Mon nom est Gilles Monette et je représente un groupe dont le but est de vous présenter une technologie québecoise brevetée qui permettrait d'éliminer les polluants toxiques produits par les moteurs des véhicules du gouvernement, ainsi que de toute la population du Québec et mondial . En fait, le gouvernement pourrait éventuellement se présenter et dire ' Québec Inspire le Monde' avec son programme sur la qualité de l'air.
Y a t'il un leader au gouvernement québécois ou municipal ou mondial qui verrait à profiter de cette technologie pour l'image corporative gouvernementale en environnement ainsi que pour ses propres budgets de carburant? Nous aimerions que ce leader avec plein pouvoir d'agir nous contacte.
Puisque l'on sait que le parc des véhicules changent sur une période de 13-15 ans...alors il faut s'occuper de l'inventaire en place...qui est un gros pollueur avec ses technologies de combustion de carburant fossile.
Cette technologie québécoise brevetée aux USA, Europe, Canada et bientôt au Mexique est le fruit de plusieurs années de recherche et développement depuis l'an 2000. Nous avons plus de 1000 tests sur des véhicules de promenade et des camions diesel.

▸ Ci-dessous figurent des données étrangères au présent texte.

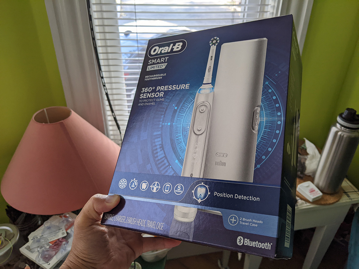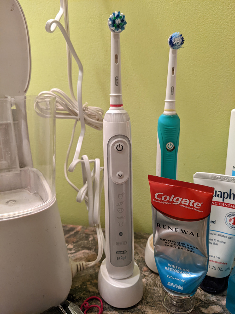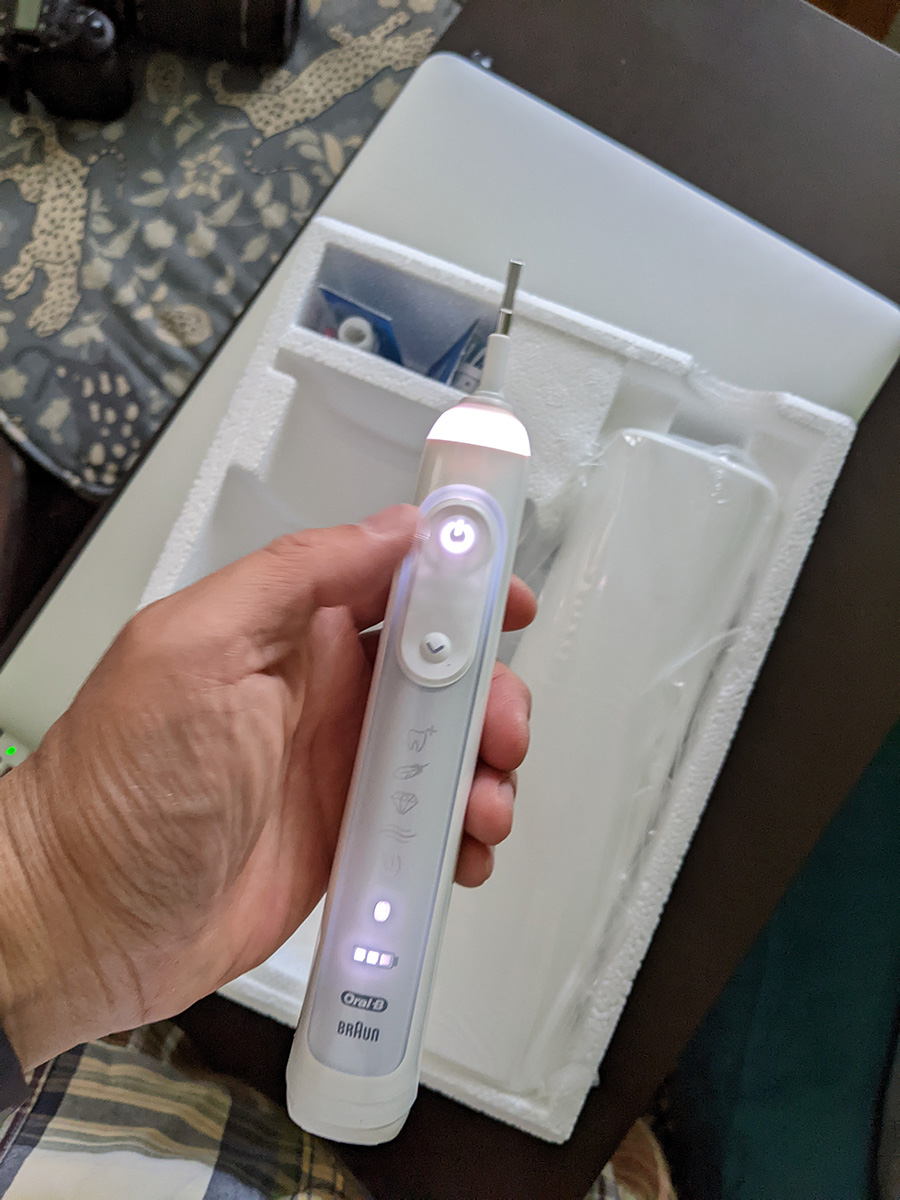 a package had arrived for me earlier: my new oral-b smart limited toothbrush. it was slightly larger than my old oral-b toothbrush, with an illuminated collar when turned on made it look like a child's toy. the light is useful for slightly illuminating your mouth while brushing, but also functions as a pressure alert light when you brush too hard. it came with a plastic storage case, 2 cross-action brush heads, and a charging station. i tried out the toothbrush. it has 6 brushing modes, but i used the default, which is regular brushing. to get it to show the red alert light, i had to press down very hard, so i'm glad i've been brushing with the normal amount of pressure. the oscillation seems pretty robust - supposedly 500% more effective than regular brushing, compared to my old oral-b which is only 300% more effective (and with a depleted battery, so who knows how well that old electric toothbrush was working).

Cette technologie agit au niveau des carburants en les dynamisant, ce qui en résulte est une optimisation de la combustion par le fait même de carburant plus dynamique...plus explosif.
Les bénéfices sont nombreux et découlent de source :
une réduction exceptionnelle de la pollution toxique tels les hydrocarbures (HC), le monoxyde de carbonne (CO) et les oxyde d'azote (NOx)...donc il en résulte une meilleure qualité de l'air (rapport disponible sur demande)

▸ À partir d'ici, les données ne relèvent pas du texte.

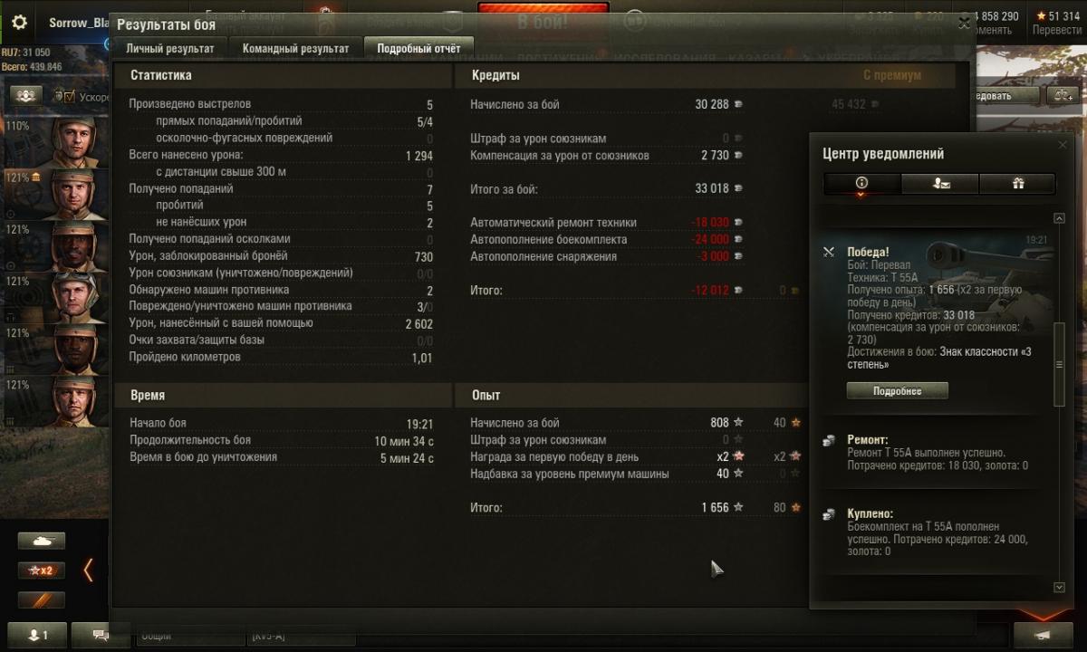 В чем завидовать? Каждый играет в свое удовольствие и как хочет. В свое время мне нравилось играть на Об.263 (тот еще старый с нормальной пушкой и поворотливостью, ныне Об.263Б), так не смотря что Х лвл у меня выходило практически в ноль по серебру (в среднем и это без према). Хорошая была техника, но ее отобрали, хотя обещали так не поступать. И по поводу расходов, в том то и дело, что общий минус складывается из ремонта техники и расходников и он для Т55А стабилен из боя в бой. Данная машина хоть и награда, но несет в себе убыток причем постоянный, такой себе чемодан без ручки (и нести не удобно и бросить жалко). Играется нормально только на голде, за исключением игры в топе, там можно и на ББ. И за эту технику еще нужно было упарываться больше года и что в результате? Машина хуже чем прокачиваемая оцененная в 17500 голды (!), обменять ее при этом на прем нельзя. Вот на Сомике, Скорпе Г, ПТ-ВЗ, Стерве я таких проблем не имею, играю в удовольствие и не заморачиваясь с убытками (на голде практически не играю от слова совсем и это касается не только прем техники), сплошной фарм и фан.

une amélioration générale de la propreté des moteurs et des sous-systèmes de combustion et d'échappement qui se traduit par une longévité accrue et un meilleur effet de couple (torque) à chaque point d'accélération (témoignages disponibles)
Finalement, une réduction des coûts de consommation de carburant pour effectuer le même travail.
Un rappel, cette technologie est breveté.
Si vous désirez en connaître plus sur cette technologie québécoise, il me fera plaisir de vous fournir les informations disponibles à ce sujet et qui sait, peux-être de réaliser un projet pilote pour le plus grand bénéfice de l'environnement.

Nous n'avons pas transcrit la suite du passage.